§ RECORDS SHOWN:
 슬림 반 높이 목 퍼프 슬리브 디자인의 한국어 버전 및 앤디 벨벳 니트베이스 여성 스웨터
--
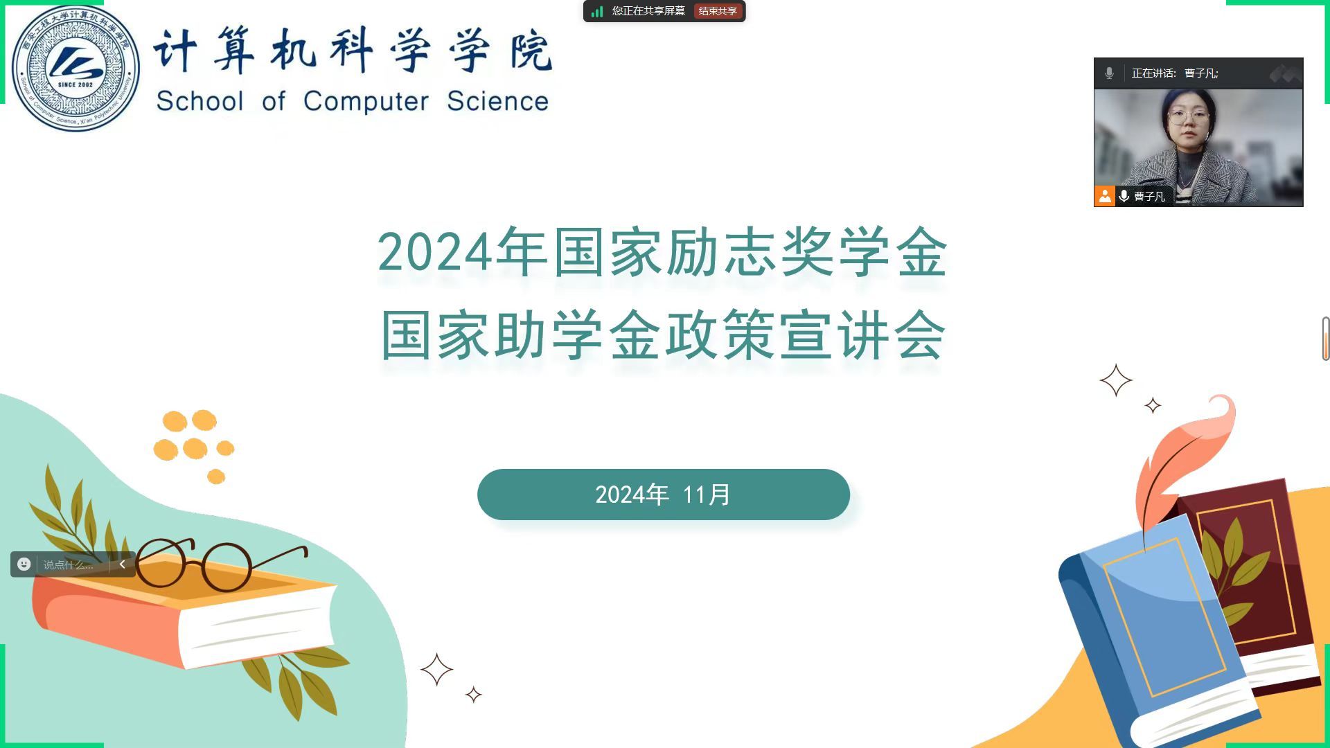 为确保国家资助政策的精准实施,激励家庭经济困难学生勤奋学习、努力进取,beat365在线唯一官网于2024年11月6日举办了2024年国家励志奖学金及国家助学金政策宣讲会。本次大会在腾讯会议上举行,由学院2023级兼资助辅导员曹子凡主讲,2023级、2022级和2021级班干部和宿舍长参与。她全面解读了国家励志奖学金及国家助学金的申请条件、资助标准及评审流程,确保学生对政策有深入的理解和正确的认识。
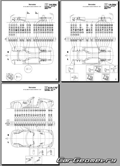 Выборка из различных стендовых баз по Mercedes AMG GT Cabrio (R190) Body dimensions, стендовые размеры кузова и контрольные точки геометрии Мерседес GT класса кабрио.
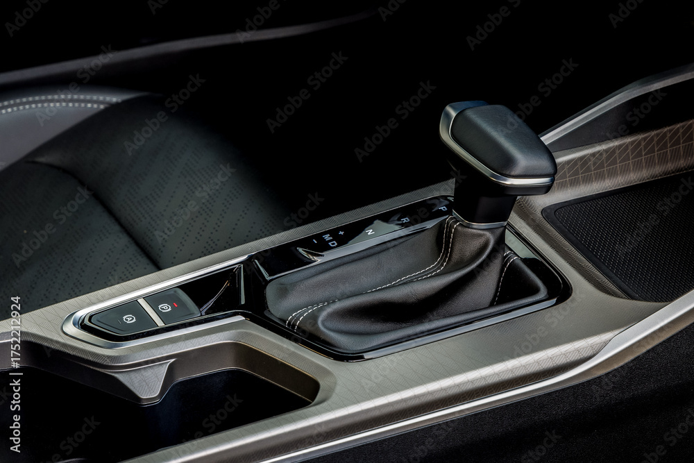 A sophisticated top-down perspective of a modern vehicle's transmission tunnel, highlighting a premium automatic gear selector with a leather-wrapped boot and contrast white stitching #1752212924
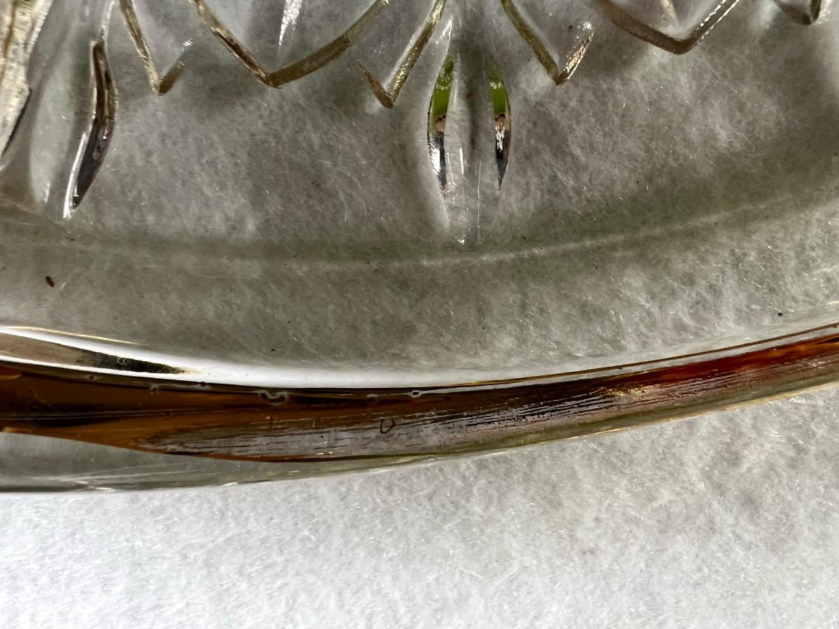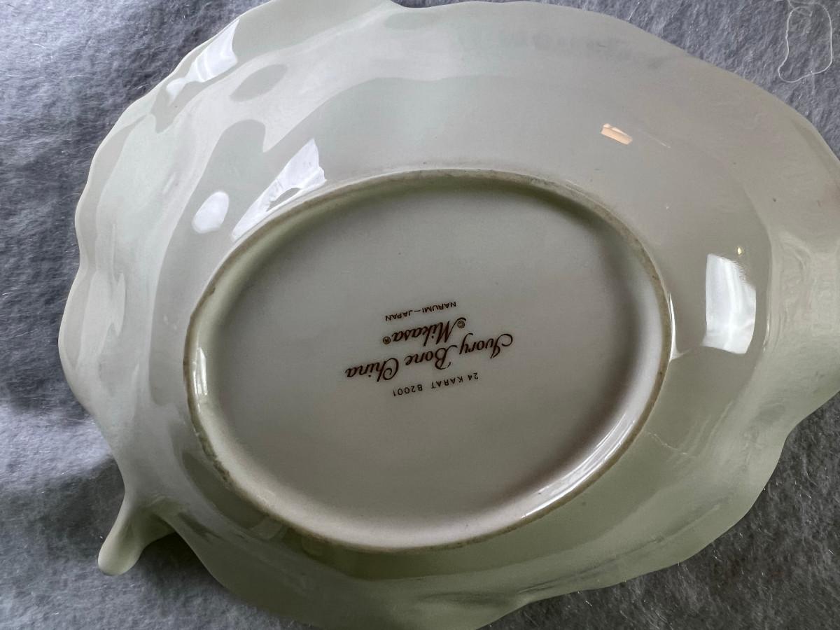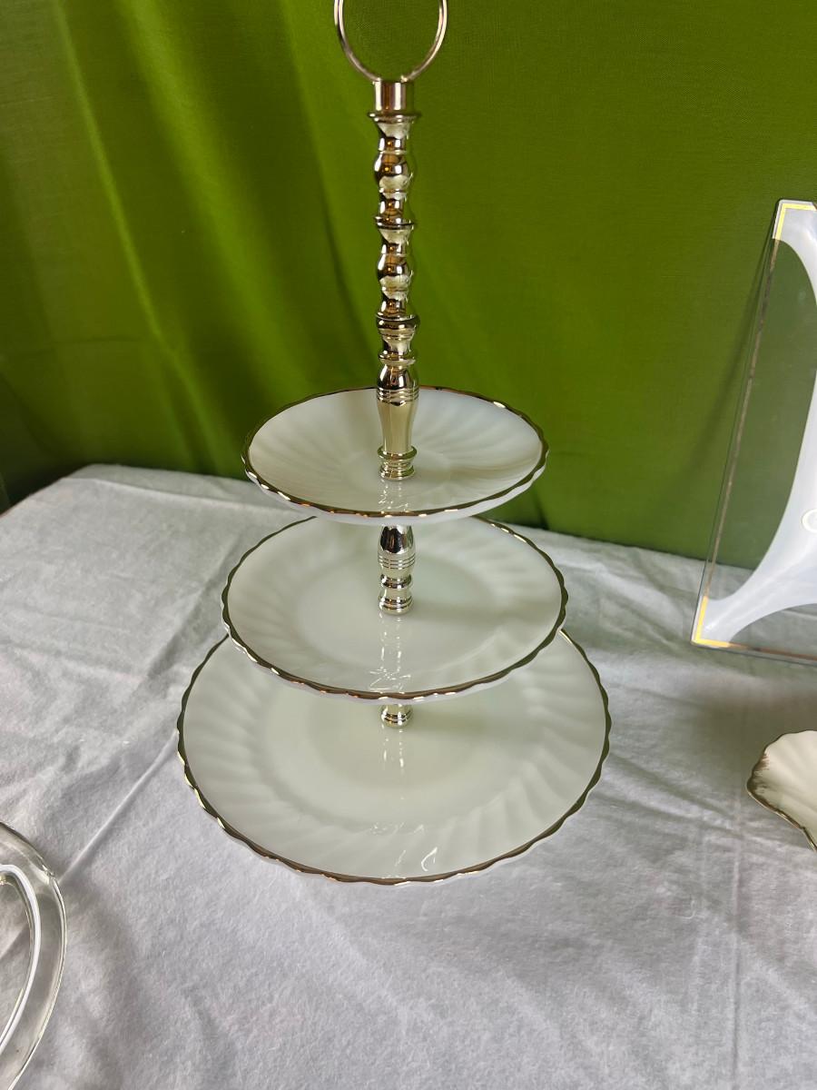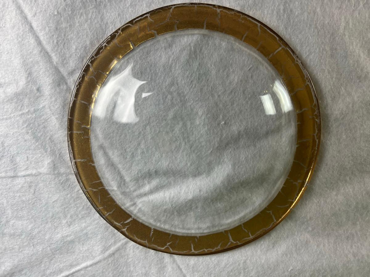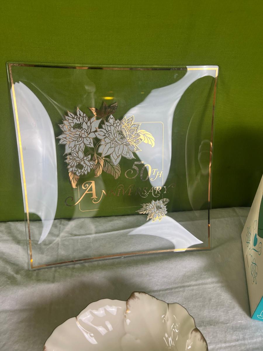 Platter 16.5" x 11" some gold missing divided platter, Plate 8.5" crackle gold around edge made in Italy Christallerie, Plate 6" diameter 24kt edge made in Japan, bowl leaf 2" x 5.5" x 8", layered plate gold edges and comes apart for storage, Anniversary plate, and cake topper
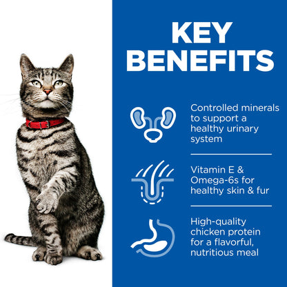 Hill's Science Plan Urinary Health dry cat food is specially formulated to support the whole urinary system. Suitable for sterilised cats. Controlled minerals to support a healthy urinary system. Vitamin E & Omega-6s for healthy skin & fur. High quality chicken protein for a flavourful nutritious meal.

§ ACTIVITY:
Beginning with the line above that contains "为确保国家资助政策的精准实施" and finishing with the line that contains "and cake topper", print those lines exactly and only. Skip all pictures.

§ WRITTEN ANSWER:
 为确保国家资助政策的精准实施,激励家庭经济困难学生勤奋学习、努力进取,beat365在线唯一官网于2024年11月6日举办了2024年国家励志奖学金及国家助学金政策宣讲会。本次大会在腾讯会议上举行,由学院2023级兼资助辅导员曹子凡主讲,2023级、2022级和2021级班干部和宿舍长参与。她全面解读了国家励志奖学金及国家助学金的申请条件、资助标准及评审流程,确保学生对政策有深入的理解和正确的认识。
 Выборка из различных стендовых баз по Mercedes AMG GT Cabrio (R190) Body dimensions, стендовые размеры кузова и контрольные точки геометрии Мерседес GT класса кабрио.
 A sophisticated top-down perspective of a modern vehicle's transmission tunnel, highlighting a premium automatic gear selector with a leather-wrapped boot and contrast white stitching #1752212924
 Platter 16.5" x 11" some gold missing divided platter, Plate 8.5" crackle gold around edge made in Italy Christallerie, Plate 6" diameter 24kt edge made in Japan, bowl leaf 2" x 5.5" x 8", layered plate gold edges and comes apart for storage, Anniversary plate, and cake topper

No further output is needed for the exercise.